バージニア・デ・メデイロスのポートレート
© Photo: Renata D’Almeida
Courtesy of Videobrasil Historical Archive
バージニア・デ・メデイロス《身体の埠頭》2015年、ビデオ、7分2秒
Courtesy of Videobrasil Historical Archive
バージニア・デ・メデイロス《セルジオとシモーネ》2009年、ビデオ、9分21秒
Courtesy of Videobrasil Historical Archive
バージニア・デ・メデイロス(1973年生まれ)は、フェミニズム、ジェンダーロール(性役割)、家父長制、性的規範性、そして差異を肯定しようとする生き方に取り組んでいる。ドキュメンタリーの戦略を覆し、単なる証言となる画像を超えて、現実と他者性を読み取り、表現する方法を見直す。《身体の埠頭(Cais do Corpo)》(2015年)は、2016年のオリンピックに向けてリオデジャネイロの港湾地域が「再生」している最中に制作され、人間を無視した都市の近代化という概念に立ち向かう社会的・政治的実践として、セックスワーカーの身体のパフォーマティヴィティ(遂行性)に注目している。第18回ビデオブラジル・フェスティバルで受賞した《セルジオとシモーネ(Sergio e Simone)》(2009年)では、サルヴァドールでとりわけ荒廃した地域に住むトランスジェンダーの女性シモーネが、クラック・コカインの過剰摂取後に、自分は人類を救うために神から遣わされたと信じるシス男性(生まれた時の性別と自認する性別が一致している男性)のセルジオへと変貌する様子を記録している。
クララ・イアンニのポートレート
© Photo : Videobrasil Historical Archive
クララ・イアンニ《具象主義から抽象主義へ》2017年、ビデオ、6分15秒
Courtesy of Videobrasil Historical Archive
クララ・イアンニ《自由な形》2013年、ビデオ・インスタレーション、7分14秒
Courtesy of Videobrasil Historical Archive
やはり2010年代のアート制作を特徴づけた別の基調テーマが、グローバル化した資本主義と脱植民地主義研究の文脈における時間、歴史、空間の認識である。クララ・イアンニ(1987年生まれ)は、その突出した例だ。ビデオ、インスタレーション、オブジェ、サイトスペシフィックな作品と様々なジャンルを行き来しながら制作した作品は、覇権的な歴史的言説に疑問を投げかけ、アートとイデオロギーと歴史の関係を検証し、政治的想像力のオルタナティブな様式を提案する装置を制作している。ビデオブラジル・ビエンナーレで展示された作品は、このプロジェクトの一例である。《具象主義から抽象主義へ(Do figurativismo ao abstracionismo)》(2017年)は、イアンニがサンパウロ・ビエンナーレ財団のアーカイブで行った調査をもとに、ブラジルの近代アートの制度化と、植民地時代の過去との間の力学を考察している。一方、《自由な形(Forma livre)》(2013年)は、1959年の暴動を想起させる。このとき、ブラジリアの建設における非人道的な労働条件に反対する労働者が虐殺された。ブラジルの建築における近代性の言説と、古風な社会的・政治的関係の持続とを結びつけている。

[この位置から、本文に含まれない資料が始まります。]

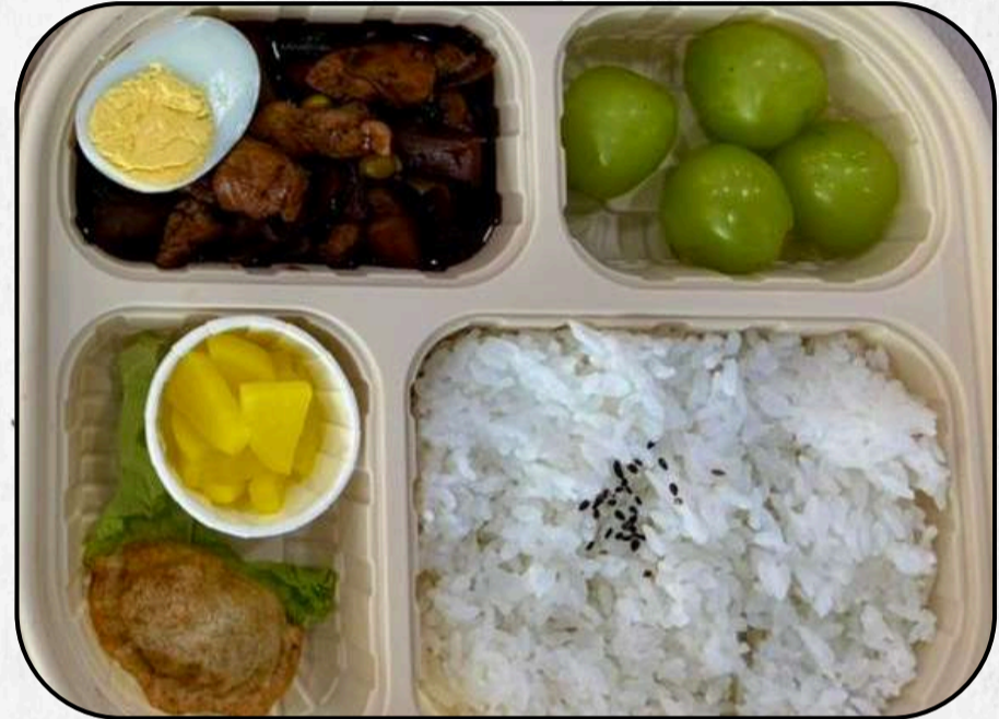
KOREAN JAJANG RICE 짜장밥

これらのアーティストとその作品は全体として、ブラジルのコンテキストにおけるビデオアートの独自の強さを見せている。特に、女性が主導して反体制的、実験的、政治的な関与を持って制作を行うメディアとして、確かな力強さを実感させる。
ソランジュ・オリヴェイラ・ファルカス
ビデオブラジル文化協会(Associação Cultural Videobrasil)の創設者であり、アーティスティック・ディレクターを務める。この協会は、グローバル・サウスで制作された広範なビデオアート・コレクションを管理し、国際的なパートナーシップによる現代アートのイベントを開催している。ファルカスは1983年からビエンナーレ・セスク・ビデオブラジルのアーティスティック・ディレクターを務め、国際ビエンナーレ協会の理事でもある。2017年にはモンブラン・アーツ・パトロネージュ賞(Montblanc Arts Patronage Award)、2004年にはセルジオ・モッタ賞(Sergio Motta Award)を受賞した。過去40年にわたり、インドネシア、ポルトガル、ロシア、韓国、アラブ首長国連邦など数カ国で展覧会、フェスティバル、ビエンナーレのキュレーターを務め、世界中のアートイベントや文化施設が主催する賞の審査委員を務めている。